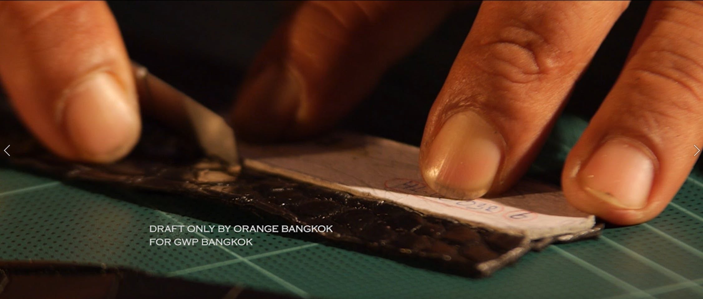 革の選別後、裁断工程に入ります。この際クロコダイルの斑模様が美しく映えるようミリ単位での裁断技術が要求されます。
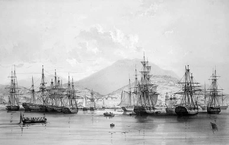 Hobart-Town,-Sullivan’s-Cov Published August 28, 2012 at 774 × 491 in Part One: outward bound Merchant ships at anchor in Sullivan’s Cove, Hobart Town, c.1838. Share this:Share Email a link to a friend (Opens in new window) Email Tweet Print (Opens in new window) Print
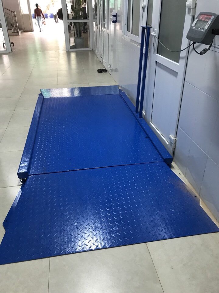 - Mặt bàn cân làm bằng tôn gân chống trượt dày 5 mm.
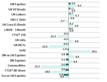 Gold and UK Gilts both declined, offering little respite to investors amid near record high prices and ultralow yields. UK high-yield and investment-grade corporate bonds gained, while UK linkers also outperformed nominal Gilts.
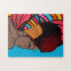 Black Woman, Wrapped Natural Hair, Colourful Blue Jigsaw Puzzle
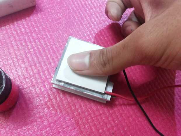 Utilizando grasa térmica Conecte el módulo peltier para el disipador de calor. Luego limpie el exceso de grasa.
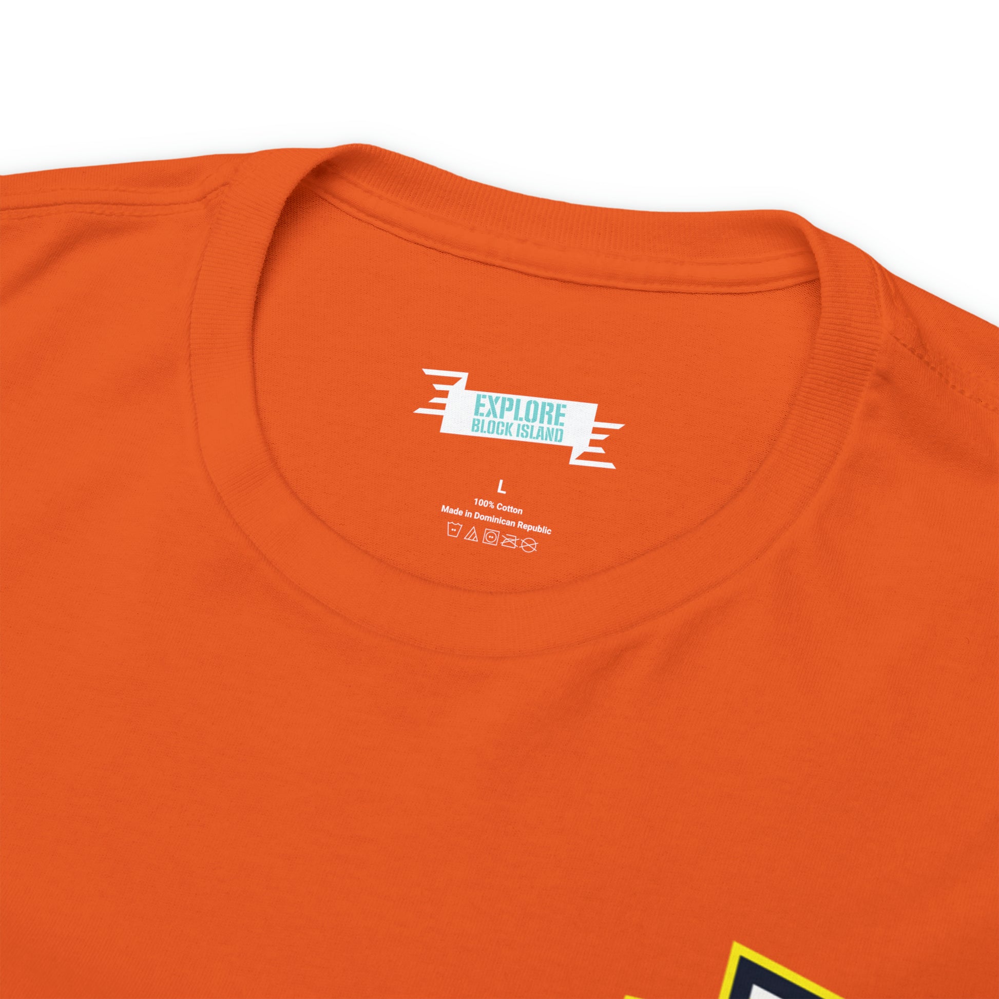 The front of the tee proudly displays a distinguished badge, symbolizing the authority wielded by the Block Island Gaming Police. This emblem represents their relentless pursuit of eradicating video games and other sources of entertainment deemed undesirable by those in power. It serves as a stark reminder of the ever-watchful eye that monitors the island's inhabitants.
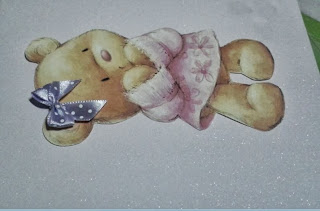 Caixa em mdf, com decoupagem e nome em mdf cortado a laser, detalhes em fitas de cetim.
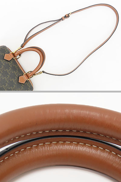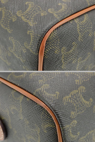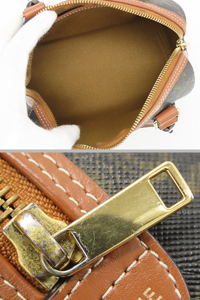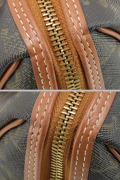 開口部フチ取りレザーやフチのパイピングにスレ、ファスナー布地の一部に汚れ、ハンドルにわずかな薄キズや薄スレ、金具に薄キズやメッキ剥げ、内側にわずかな薄スレや薄汚れ等、使用感ございますが、全体的に綺麗なお品物になります。 ※香水臭あり |
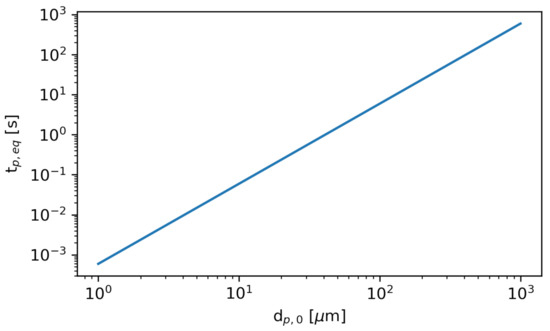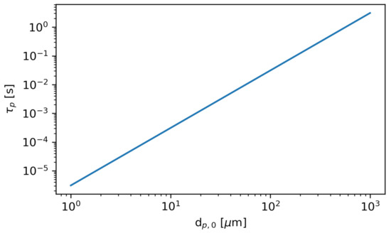 The stopping time as a function of initial particle diameter . The particle density is constant at . The fluid dynamic viscosity is computed using Sutherland’s Law (see Equation (1)) at the initial bus temperature .
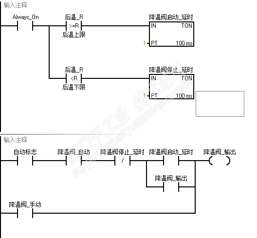 目前用下列程序,阀门开启太久降温幅度太大,开的太短降温不了
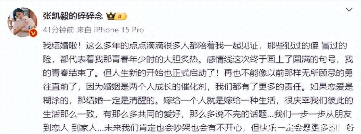 留言那头的张凯毅只说了五个字"我结婚啦",就能看出她多么激动!她回忆起以前的日子,傻事、冒险啥都有,正是那个年纪的热诚与勇往直前的精神。她这样子的女孩子真的很吸引人!她的人生经历,告诉我们每一个人,要敢于追寻自己的幸福。
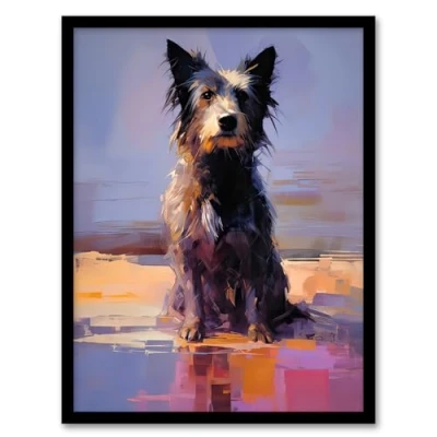 Artery8 Border Collie at the Beach Oil Painting Portrait Artwork Framed Wall Art Print A4
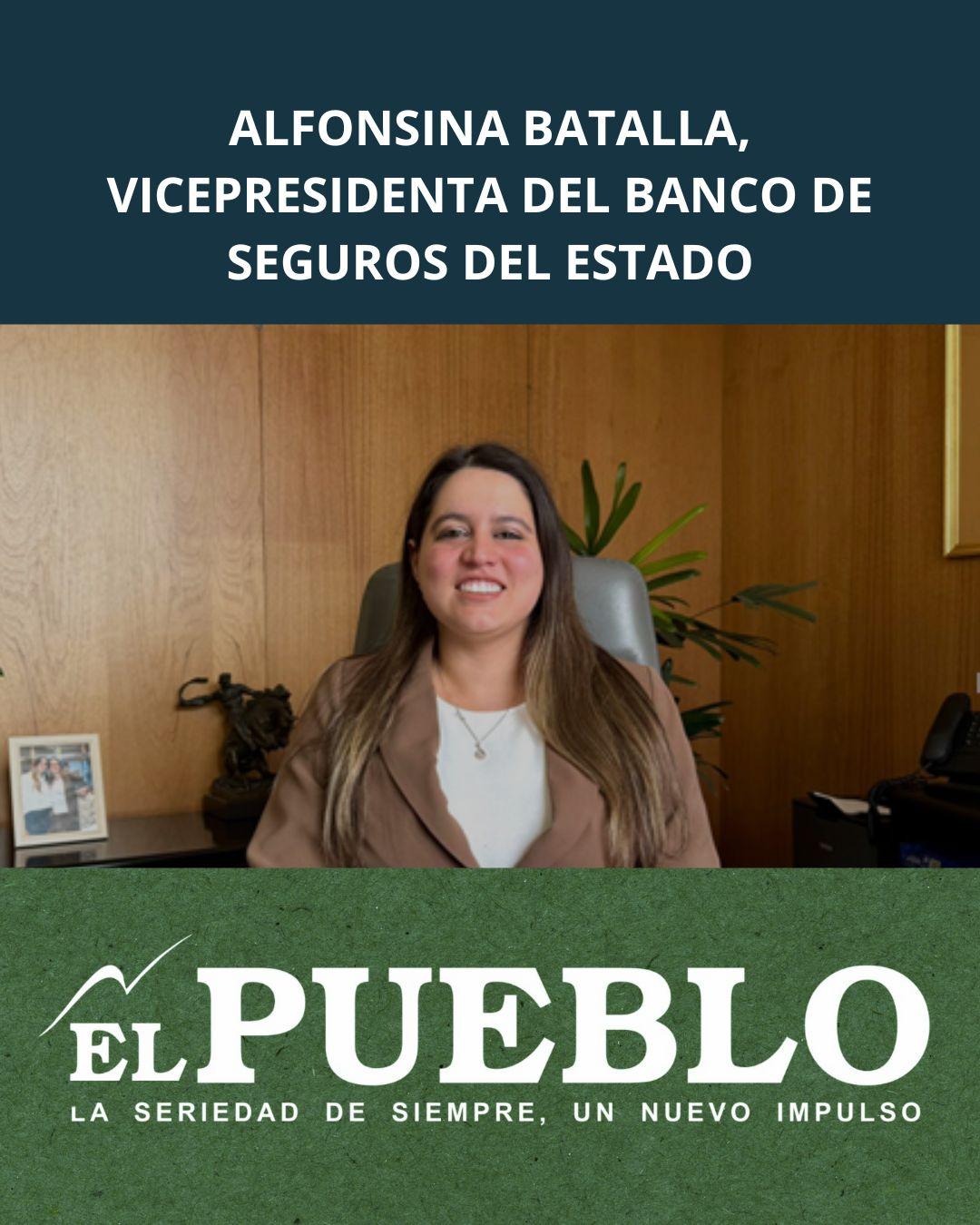 Desde abril del presente año, con el cambio de autoridades por el nuevo gobierno, integra el directorio del Banco de Seguros del Estado (BSE) la contadora Alfonsina Batalla. Salteña desde siempre y madre de dos niños. Profesional al servicio del BSE desde 2012. En vísperas de graduarse con una maestría en Economía, en la UDELAR.
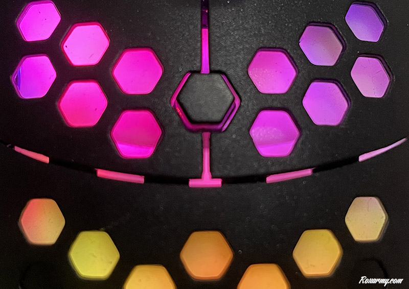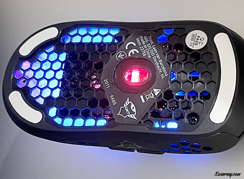 Son design est élaboré avec sa robe noire alvéolée. En dessous se trouve une coque en plastique translucide opaque permettant de diffuser la lumière. Avec 6,3 cm de large, 4 cm de haut et 12,6 cm de long pour 74g, la souris convient à une main de taille moyenne et tient parfaitement la paume à plat contre sa surface.
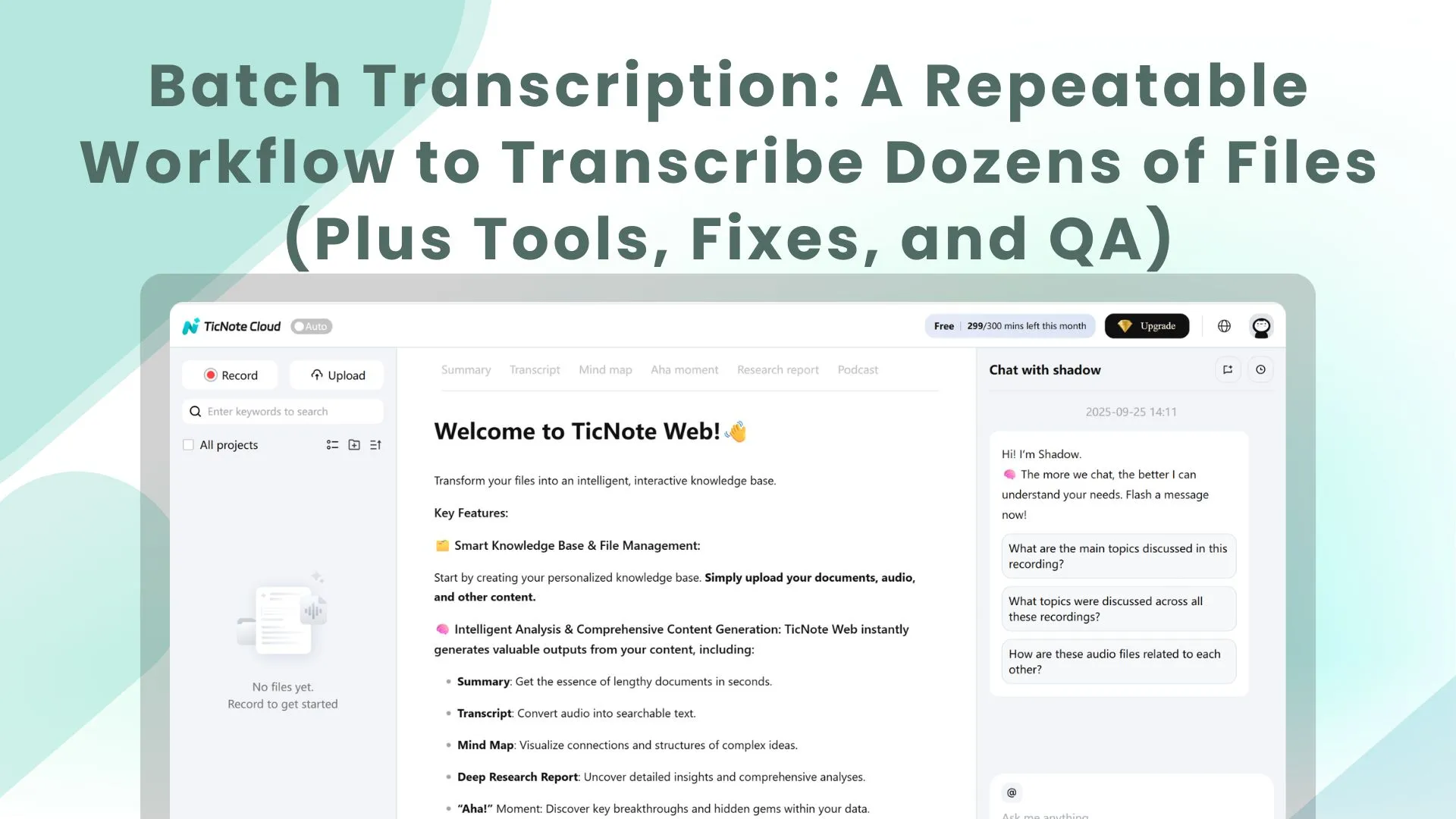 Create a Project in TicNote Cloud and run your next batch in one searchable workspace.

········

*What you will do*. Please retype the data exactly. The pictures do not go in.

*Result below*.
 革の選別後、裁断工程に入ります。この際クロコダイルの斑模様が美しく映えるようミリ単位での裁断技術が要求されます。
 Hobart-Town,-Sullivan’s-Cov Published August 28, 2012 at 774 × 491 in Part One: outward bound Merchant ships at anchor in Sullivan’s Cove, Hobart Town, c.1838. Share this:Share Email a link to a friend (Opens in new window) Email Tweet Print (Opens in new window) Print
 - Mặt bàn cân làm bằng tôn gân chống trượt dày 5 mm.
 Gold and UK Gilts both declined, offering little respite to investors amid near record high prices and ultralow yields. UK high-yield and investment-grade corporate bonds gained, while UK linkers also outperformed nominal Gilts.
 Black Woman, Wrapped Natural Hair, Colourful Blue Jigsaw Puzzle
 Utilizando grasa térmica Conecte el módulo peltier para el disipador de calor. Luego limpie el exceso de grasa.
 The front of the tee proudly displays a distinguished badge, symbolizing the authority wielded by the Block Island Gaming Police. This emblem represents their relentless pursuit of eradicating video games and other sources of entertainment deemed undesirable by those in power. It serves as a stark reminder of the ever-watchful eye that monitors the island's inhabitants.
 Caixa em mdf, com decoupagem e nome em mdf cortado a laser, detalhes em fitas de cetim.
 開口部フチ取りレザーやフチのパイピングにスレ、ファスナー布地の一部に汚れ、ハンドルにわずかな薄キズや薄スレ、金具に薄キズやメッキ剥げ、内側にわずかな薄スレや薄汚れ等、使用感ございますが、全体的に綺麗なお品物になります。 ※香水臭あり |
 The stopping time as a function of initial particle diameter . The particle density is constant at . The fluid dynamic viscosity is computed using Sutherland’s Law (see Equation (1)) at the initial bus temperature .
 目前用下列程序,阀门开启太久降温幅度太大,开的太短降温不了
 留言那头的张凯毅只说了五个字"我结婚啦",就能看出她多么激动!她回忆起以前的日子,傻事、冒险啥都有,正是那个年纪的热诚与勇往直前的精神。她这样子的女孩子真的很吸引人!她的人生经历,告诉我们每一个人,要敢于追寻自己的幸福。
 Artery8 Border Collie at the Beach Oil Painting Portrait Artwork Framed Wall Art Print A4
 Desde abril del presente año, con el cambio de autoridades por el nuevo gobierno, integra el directorio del Banco de Seguros del Estado (BSE) la contadora Alfonsina Batalla. Salteña desde siempre y madre de dos niños. Profesional al servicio del BSE desde 2012. En vísperas de graduarse con una maestría en Economía, en la UDELAR.
 Son design est élaboré avec sa robe noire alvéolée. En dessous se trouve une coque en plastique translucide opaque permettant de diffuser la lumière. Avec 6,3 cm de large, 4 cm de haut et 12,6 cm de long pour 74g, la souris convient à une main de taille moyenne et tient parfaitement la paume à plat contre sa surface.
 Create a Project in TicNote Cloud and run your next batch in one searchable workspace.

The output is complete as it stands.